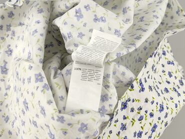 Bluzka damska HOUSE, rozmiar M - Krój: luźny T-shirt z okrągłym dekoltem - Rękawy: krótkie, z dekoracyjnymi wiązaniami na ramionach - Wzór: białe tło w niebieskie pionowe paski, nadruk ptaków na c...
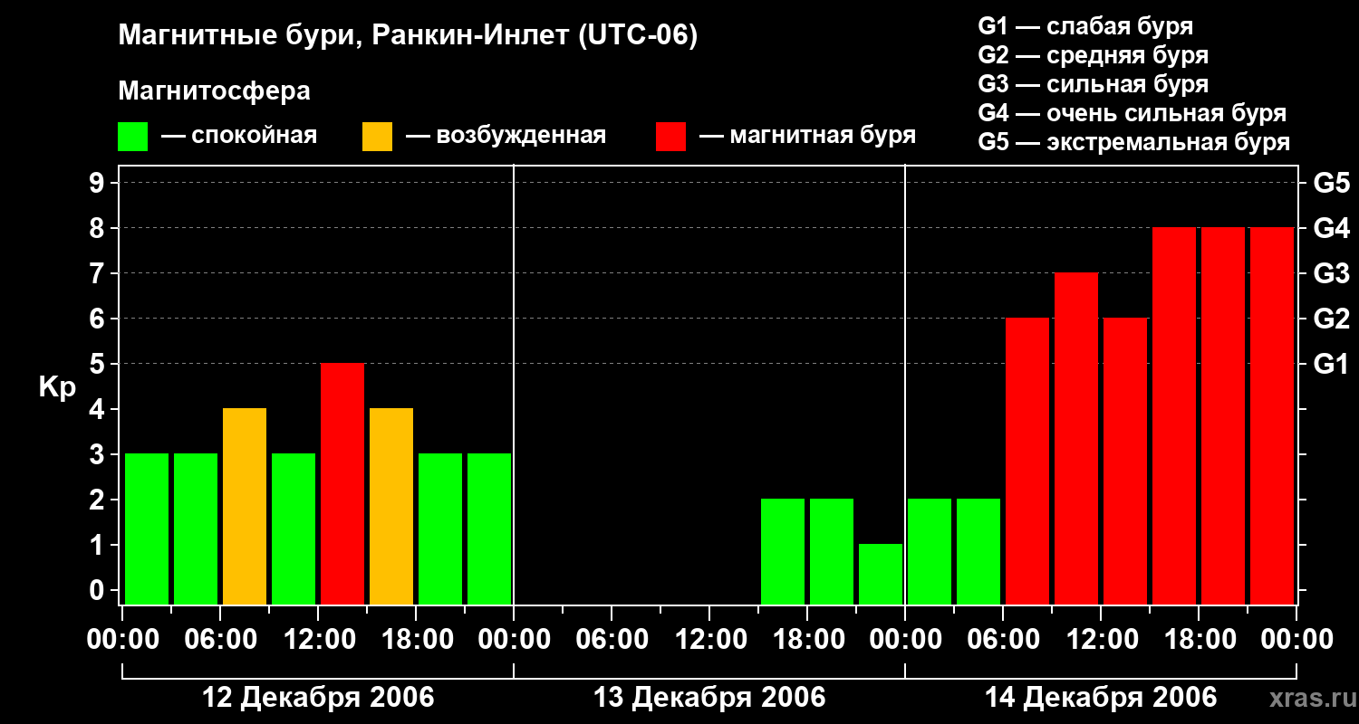 Магнитные бури в Ранкин-Инлете 14 декабря 2006 года
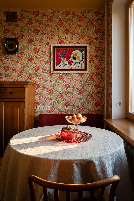 Несмотря на популярность современного дизайна, винтаж все так же любим многими. Это может быть как просто тематика прошлого, так и стилизация под оптимистичное ретро или mid-century. На уровне отделки тренд проявляется в выборе полотен ярких жизнерадостных цветов и с характерными для этих стилей орнаментами.
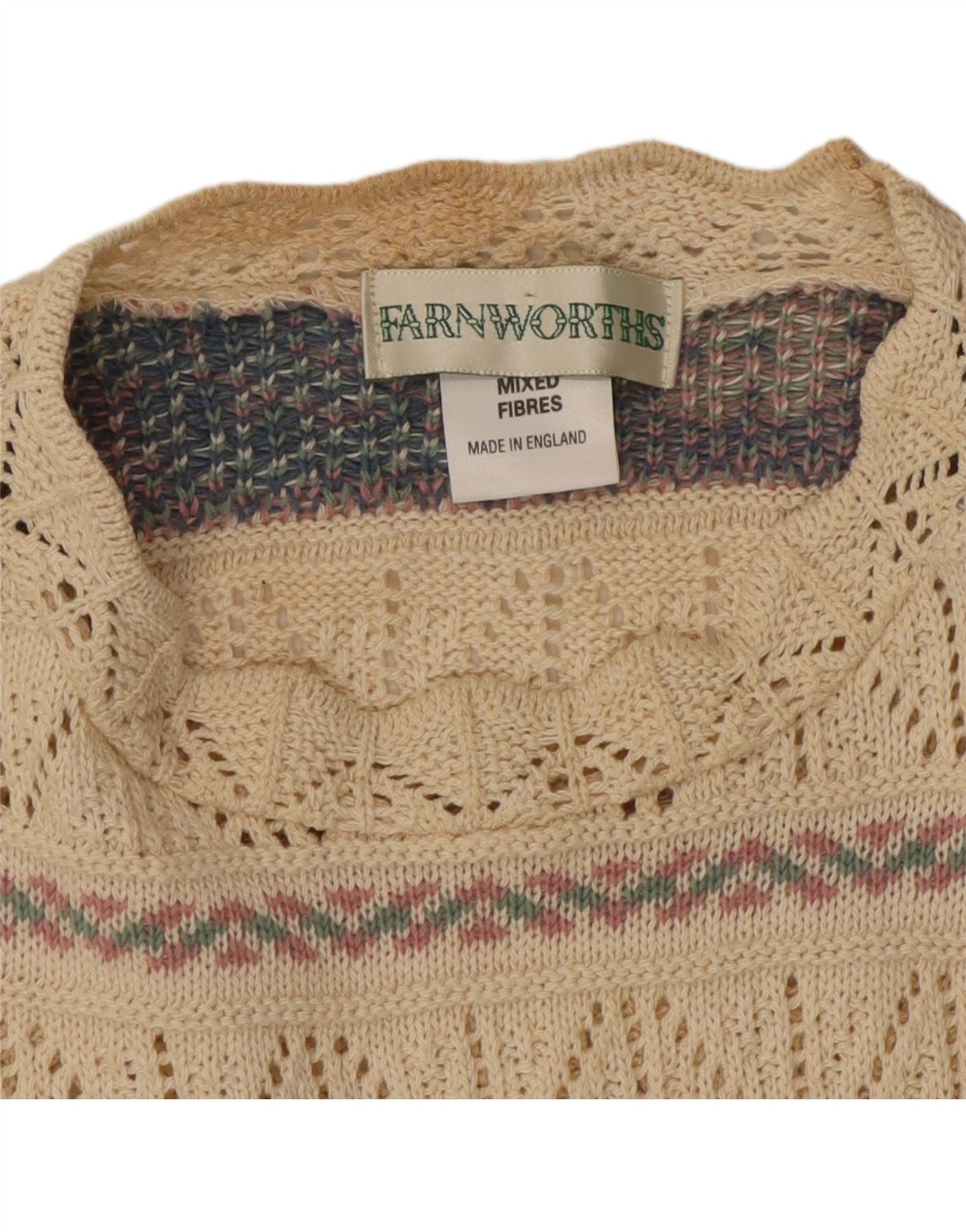 VINTAGE Womens Crew Neck Jumper Sweater UK 16 Large Off White Floral
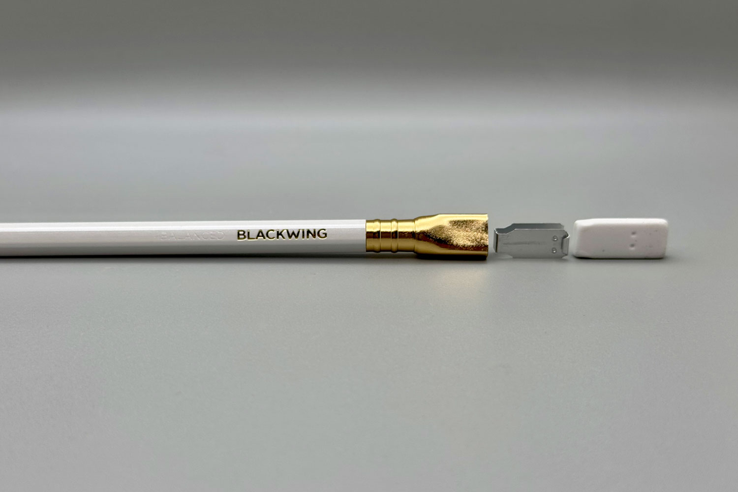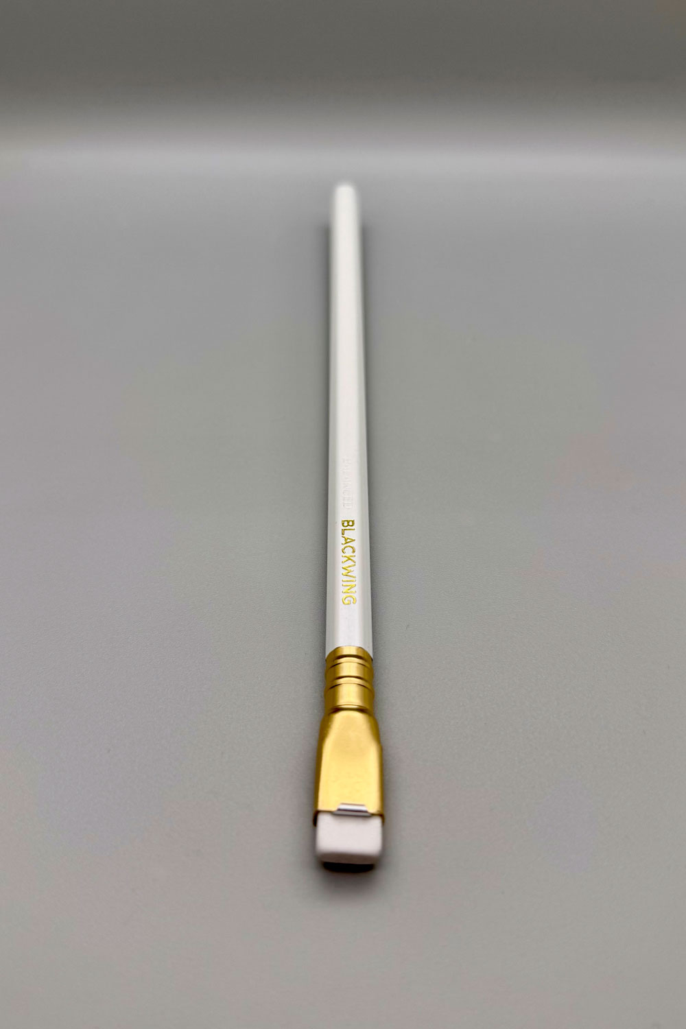The Blackwing Pearl features a pearl white finish, gold imprint, and a balanced and smooth graphite core. Every Blackwing Pearl pencil features the iconic square Blackwing ferrule with a white eraser. Note that Blackwing pencils are longer than most pencils, at around 20cm.
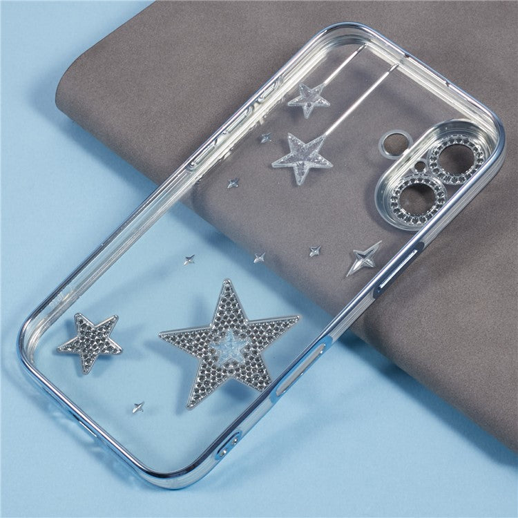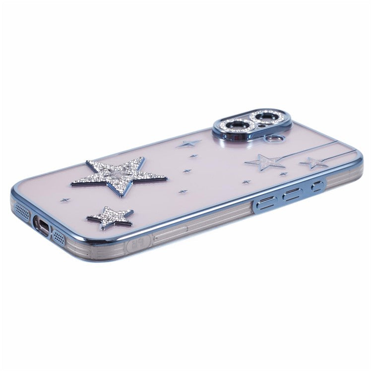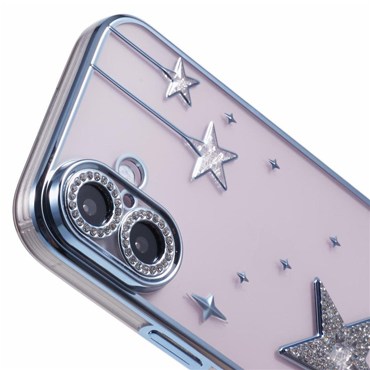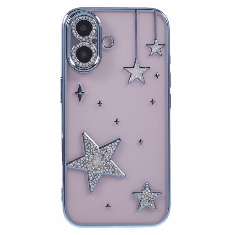 For iPhone 16 Plus Case 3D Bling Stars Electroplating TPU Clear Phone Case - Blue
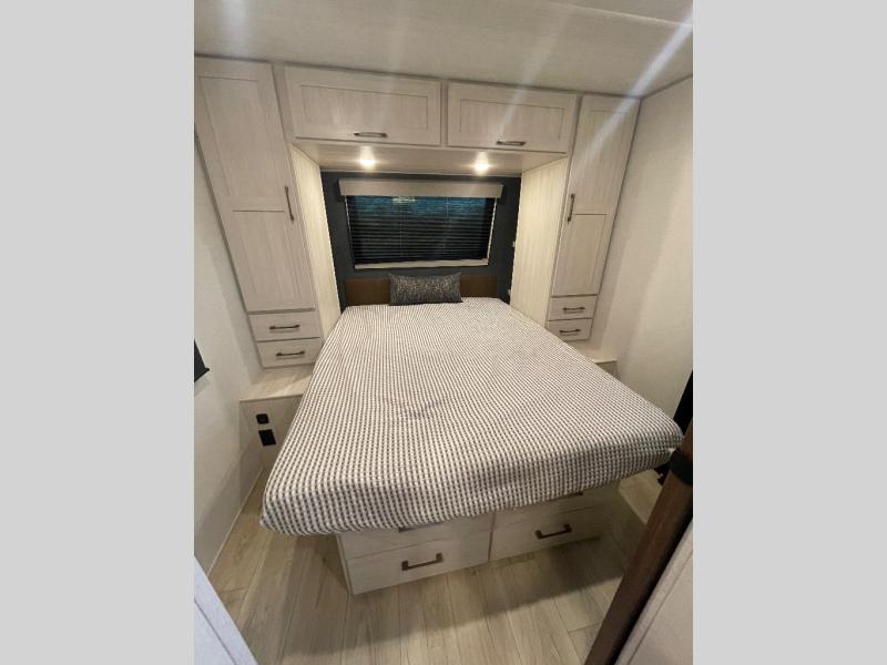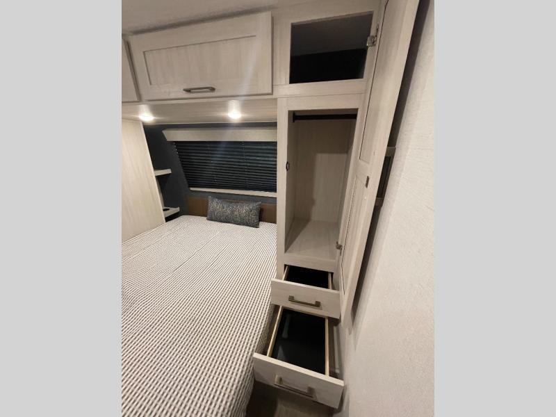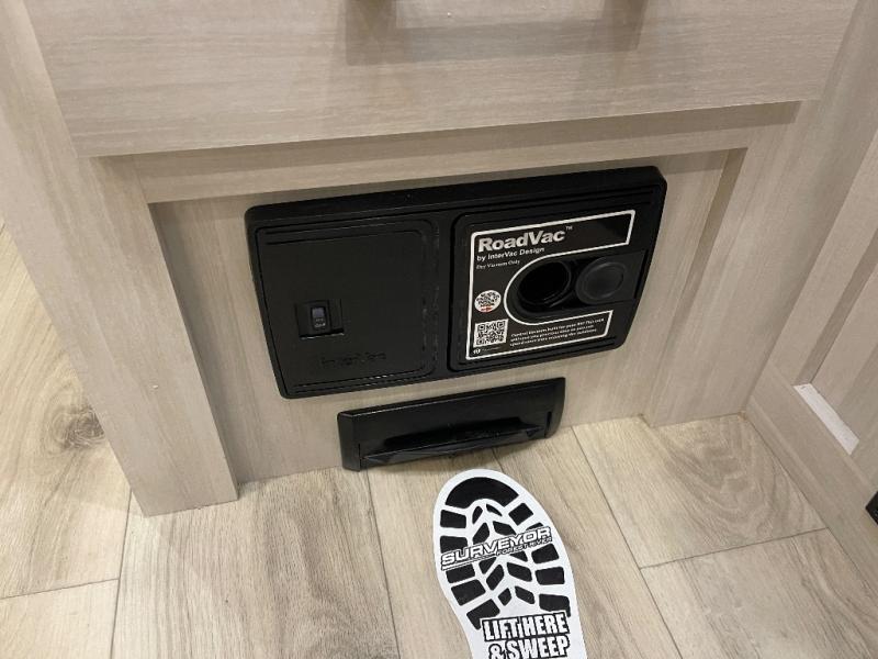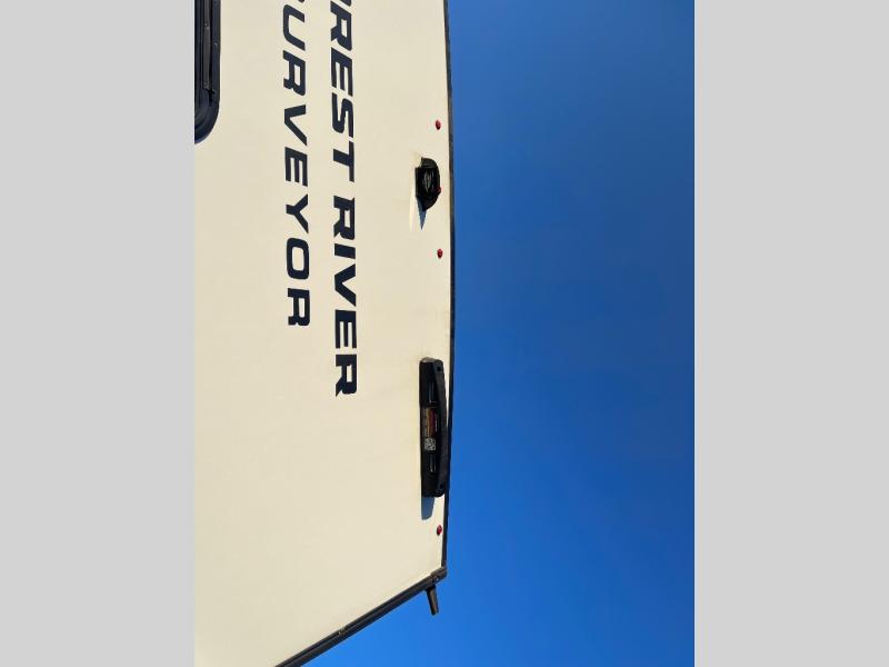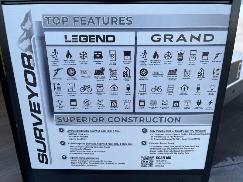 With any Surveyor Legend travel trailer by Forest River you will enjoy quality craftsmanship, convenient amenities, and at-home comforts. The Azdel composite walls provide a longer-lasting trailer, and the power tongue jack with a hitch light will get you back on the road in no-time. There are also Goodyear tires and a tire pressure monitoring system for hassle-free towing. Each model includes the Surveyor Legend Package that comes standard with oversized dinette storage access doors, front slam latch baggage doors, plus an automotive style tinted front windshield. You'll appreciate camping with a tankless water heater for endless hot showers, a 2" accessory hitch to bring bikes along, plus carpet-free interiors and a central vacuum system for easy clean up.
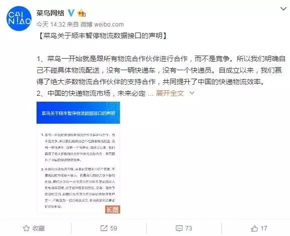 隨後,順豐官方微博立馬迎戰菜鳥,稱菜鳥基於自身商業利益出發,在2017年5月要求豐巢提供與其無關的客户隱私數據,而豐巢本着對顧客的底線,拒絕這一要求,而接口的斷連,實際上也是由菜鳥單方面操作。
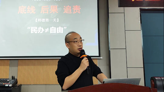 “為師者,先正觀念。”學(xué)工處處長(zhǎng)鞏非以“師德三觀”開(kāi)場(chǎng),用“民辦≠自由”當(dāng)頭棒喝,警示法治意識(shí)是班主任的“生存底線”。

□ □ □

WHAT YOU HAVE TO DO.
Leave out all pictures and output each line exactly, from the top of the records through the line that holds "隨後,順豐官方微博立馬迎戰菜".

ANSWER.
 Bluzka damska HOUSE, rozmiar M - Krój: luźny T-shirt z okrągłym dekoltem - Rękawy: krótkie, z dekoracyjnymi wiązaniami na ramionach - Wzór: białe tło w niebieskie pionowe paski, nadruk ptaków na c...
 Магнитные бури в Ранкин-Инлете 14 декабря 2006 года
 Несмотря на популярность современного дизайна, винтаж все так же любим многими. Это может быть как просто тематика прошлого, так и стилизация под оптимистичное ретро или mid-century. На уровне отделки тренд проявляется в выборе полотен ярких жизнерадостных цветов и с характерными для этих стилей орнаментами.
 VINTAGE Womens Crew Neck Jumper Sweater UK 16 Large Off White Floral
The Blackwing Pearl features a pearl white finish, gold imprint, and a balanced and smooth graphite core. Every Blackwing Pearl pencil features the iconic square Blackwing ferrule with a white eraser. Note that Blackwing pencils are longer than most pencils, at around 20cm.
 For iPhone 16 Plus Case 3D Bling Stars Electroplating TPU Clear Phone Case - Blue
 With any Surveyor Legend travel trailer by Forest River you will enjoy quality craftsmanship, convenient amenities, and at-home comforts. The Azdel composite walls provide a longer-lasting trailer, and the power tongue jack with a hitch light will get you back on the road in no-time. There are also Goodyear tires and a tire pressure monitoring system for hassle-free towing. Each model includes the Surveyor Legend Package that comes standard with oversized dinette storage access doors, front slam latch baggage doors, plus an automotive style tinted front windshield. You'll appreciate camping with a tankless water heater for endless hot showers, a 2" accessory hitch to bring bikes along, plus carpet-free interiors and a central vacuum system for easy clean up.
 隨後,順豐官方微博立馬迎戰菜鳥,稱菜鳥基於自身商業利益出發,在2017年5月要求豐巢提供與其無關的客户隱私數據,而豐巢本着對顧客的底線,拒絕這一要求,而接口的斷連,實際上也是由菜鳥單方面操作。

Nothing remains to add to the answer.